Lawrence Sail (1942 - lives in Exeter. His most recent collection is Eye-Baby(Bloodaxe Books, 2006). To come in 2010 are Waking Dreams: New & Selected Poems(Bloodaxe) and Songs of the Darkness: Poems for Christmas, with illustrations by his daughter, Erica Sail (Enitharmon). He is a freelance writer, and is a Fellow of the Royal Society of Literature. "The leaf in the poem was drifting down on a wooded slope near Chamonix on a bright, clear autumn day. There seemed something magical about catching the moment at which it detached itself from the branch, and about the context of silence. The half-star and the child's cry look forward to Christmas.
At the Level of Hems
When small dogs are permitted in dark vintage shops
they find at the level of hems more than we can know
who look at fraying collars, faded colours and indecipherable price tags
we who only think of bargains novelties or a talking piece
miss life at the level of hems where linen smells of small rooms
and cotton is a field where lovers run between
bubbling creeks and find their way in muddy unmarked hollows
where mended cuffs and crankshaft oil smell of a hard day
and tiny threads of silk are pulled where the hemming needle slipped.
Ann Nadge (1949 - born in Adelaide in 1949, and is a former deputy headmistress in Sydney, Australia. She has recently started a new phase of her life back in Adelaide where she was educated. Having traveled extensively, she now spends time in a number of endeavors including sessional work for the University of Adelaide and her work on Schools ministry. She has four collections of poetry published by Ginninderra Press in Canberra, one of the few Australian publishers who still promotepoetry. Corrugations was published in 2003, Fence Music in 2004 and Shifting Light in 2006, and Occupying Silence in 2007 She has also been published in the Southern Ocean Review (N.Z) and the Methuen Book of Poems for Everyday (Methuen U.K 2005), and has contributed to an anthology of reflections on the work of Jane Austen - Jane Austen: Antipodean Views. In addition to poetry, she has published several academic articles, following research whilst an associate in the Faculty of Education, University of Cambridge. She also writes for special occasions including A Blessing Be Told which was performed in the Sydney Opera House in December 2000,andHis Living Wings Upholding on the occasion of the sesquicentenary of St Catherine's Anglican School for Girls in March, 2006. Ann has previously been involved in a poems for hospitals project, and is now looking into beginning the Australian Poems in the Waiting Room in conjunction with the original UK scheme.
Not Even the wet rustle of rain can dampen today. Your letter buoys me above oil-rainbow puddles like a paper boat, so that even soaked to the skin, I am grinning.

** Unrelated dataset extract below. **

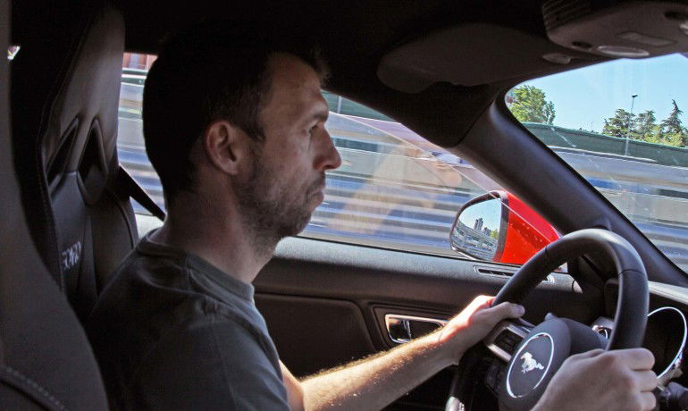 Poco trasferimento di carico in accelerazione e soprattutto in frenata. Il peso è ben distribuito e in ingresso di curva non grava eccessivamente sull’avantreno, che tuttavia mantiene direzionalità e precisione di guida. Lo sterzo risponde preciso ma pretende una presa decisa delle mani. Anche il rollio è ridotto nei cambi di direzione: freni, imposti e acceleri; l’assestamento delle sospensioni è quasi immediato. La spinta laterale dovuta alla velocità non modifica le altezze, con l’assetto che rimane costante fino al momento in cui si inizia nuovamente a raddrizzare le ruote anteriori e a spingere sull’acceleratore.Non facciamoci tradire dal suo aspetto focoso, perché la Mustang pur avendo un’indole sportiva è tale è fino a un certo punto. Più che una “racer” è una vera GT. E non è una questione di cavalli ma di peso, assetto e vocazione. Eppure inevitabilmente stuzzica di continuo la curiosità dei passanti e soprattutto innesca il desiderio di sfida a chiunque entri nella sua orbita. Detto, fatto. Tra curve in rapida successione e soffio del Turbo che avvolge l’abitacolo, sono stato puntato dall’esemplare peggiore di automobilista: il facinoroso con Porsche Turbo e targa russa… Non accetto la sfida a singolar tenzone perché tengo alla mia patente, ma i tentativi di ingaggio da parte sua sono a dir poco esilaranti, con buona pace delle valvole del boxer tedesco e della girante del Turbo, che per oggi resta a bocca asciutta. Auf Wiedersehen.

Ben Ziman-Bright (1983- born in London and first came to notice as a poet when, aged 18, he was named a prize-winner in the Poetry Society's Foyles Young Poets of the Year. In 2004, while reading English at the University of Birmingham, Ben's poem Rhapsody was a prize winner in the Young Poets on the Underground contest and was subsequently exhibited across the London Underground. Rhapsody has since been used as an exam text in Ireland for the English Higher 2007 paper by tens of thousands of students. Since then, Ben's poetry has gained wider recognition and has been published in a variety of literary journals including Magma and The Liberal. Not Even was originally the winning entry for the 2007 for poems short enough to fit in one text message, although his was one of the very few not written in 'text speak'. Ben now works as a legal professional in London and continues to write poetry and take part in readings and workshops across the capital.